GILLIS, Robert J.1, WARTES, Marwan A.1, BENOWITZ, Jeff A.2, O'SULLIVAN, Paul B.3, METCALF, James R.4, and HERRIOTT, Trystan M.1, (1) Alaska Department of Natural Resources, Alaska Geological Survey, 3354 College Rd, Fairbanks, AK 99709-3707, robert.gillis@alaska.gov, (2) Geophysical Institute and Geochronology Laboratory, University of Alaska Fairbanks, Fairbanks, AK 99775, (3) Apatite to Zircon, Inc, 1075 Matson Rd, Viola, ID 83872-9709, (4) Department of Geological Sciences, University of Colorado, Campus Box 399, 2200 Colorado Ave, Boulder, CO 80309

The forearc of Alaska has been subjected to two unrelated superimposed episodes of flat-slab subduction during Cenozoic time that produced dissimilar magnitudes, patterns, and modes of upper-plate exhumation. The first event from about 61-50 Ma occurred when thermally buoyant oceanic lithosphere at a spreading ridge (Kula-Farallon or Kula-Resurrection ridge) was obliquely subducted beneath North America. A second event beginning in early Miocene time is ongoing, as thick, relatively buoyant crust of an oceanic plateau (Yakutat microplate) subducts beneath and collides with the margin.
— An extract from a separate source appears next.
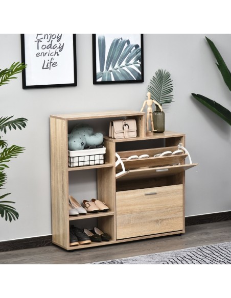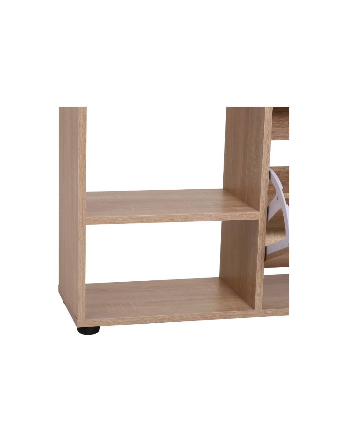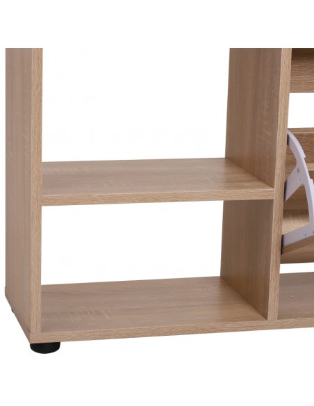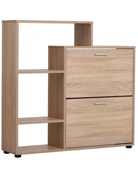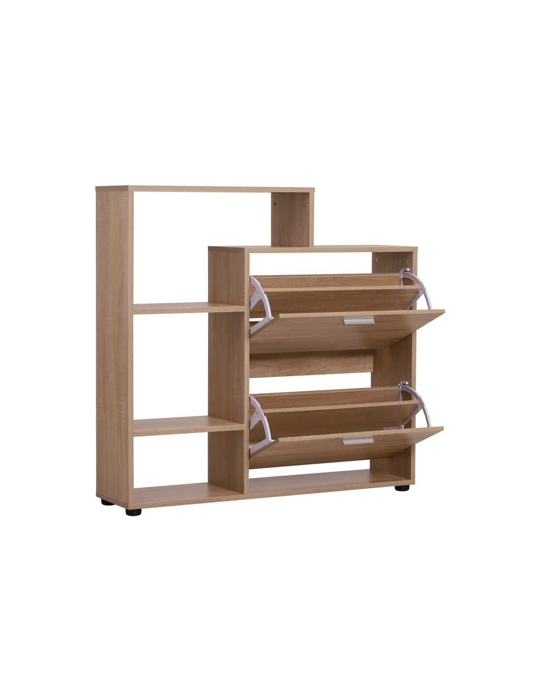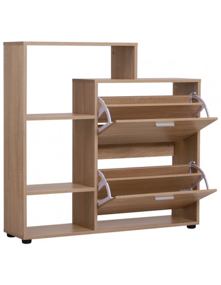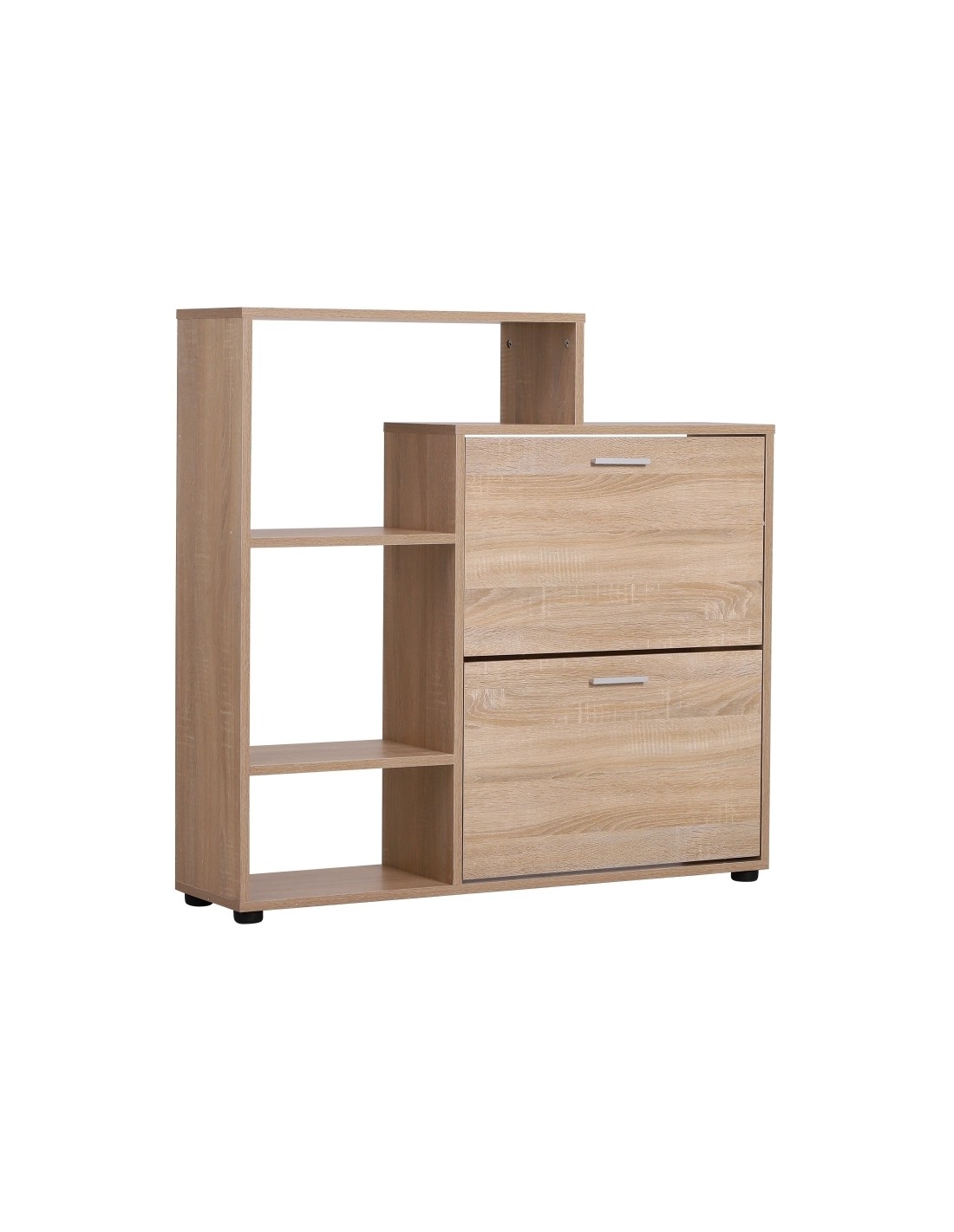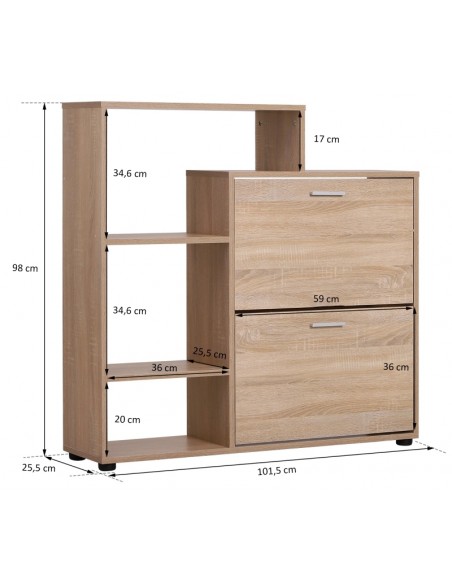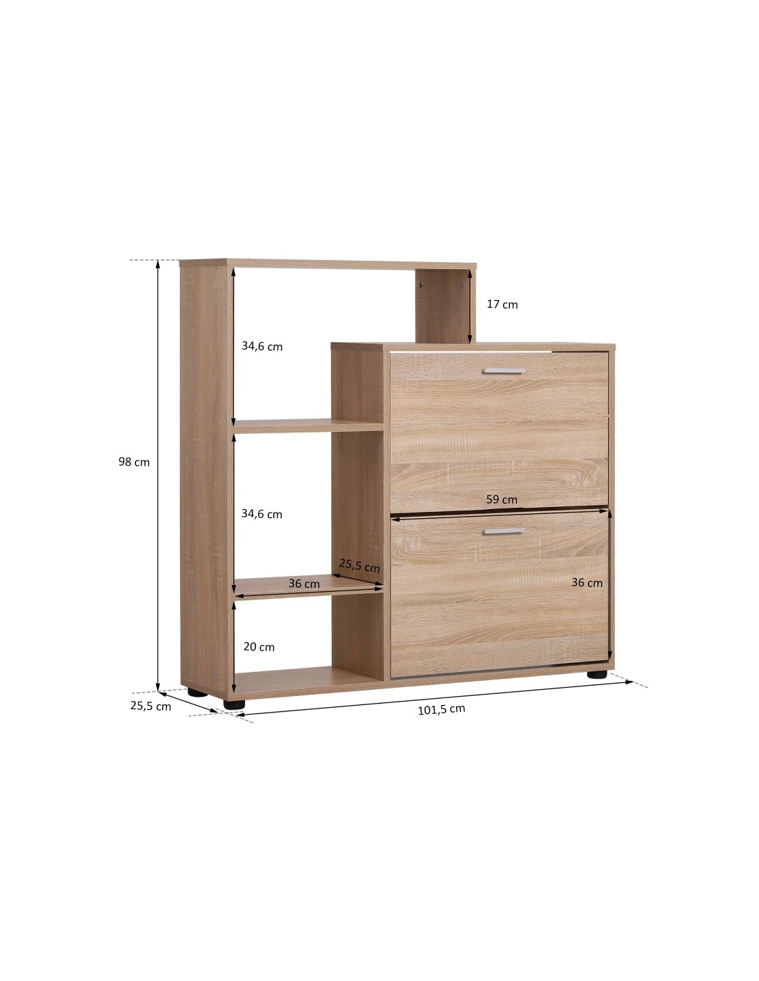 Skoskab udført i et design af møbelplade. Skoskabet måler 101,5 x 25,5 cm i bredde og dybde og 98 cm i højden. Skoskabet indeholder 3 åbne hylderum samt 2 skohylder bag skabslågerne. Skohylderne i skabene er justerbare således de kan tilpasses skoene.

We use 49 new and 63 published apatite fission-track and apatite (U-Th)/He ages of exhumed magmatic arc and forearc basement rocks to determine spatial patterns of exhumation over a broad region of the forearc inboard of the accretionary wedge. We also analyzed 27 new paired detrital zircon and apatite fission-track samples from Cenozoic forearc basin sediments and sands from modern rivers draining into the forearc basin to assess temporal changes in exhumation and sediment lag times.

The results indicate that an extensive region encompassing parts of the western and central Alaska Range, Susitna basin area, and the southwestern Talkeetna Mountains cooled primarily between 56 and 39 Ma, synchronously with or shortly following eastward sweeping of the spreading ridge. Late Paleocene-Eocene ages widely persist above the subducted Yakutat crust, including areas of significant topographic relief, indicating that the magnitude of exhumation in the arc-forearc region since its collision has been minor. Miocene and younger cooling is only recorded in narrow, restricted belts generally associated with the highest-relief areas of the Alaska Range near the periphery of the subducted Yakutat microplate. Our results suggest that exhumation in the study area resulting from Yakutat collision of sufficient magnitude to overprint Paleocene-Eocene cooling has been locally concentrated proximal to the Denali fault and small region of the western Alaska Range near the western margin of the southern Alaska block. In contrast, the broad, relatively uniform cooling associated with ridge subduction likely reflects modest widespread exhumation, potentially during elevated heat flow conditions.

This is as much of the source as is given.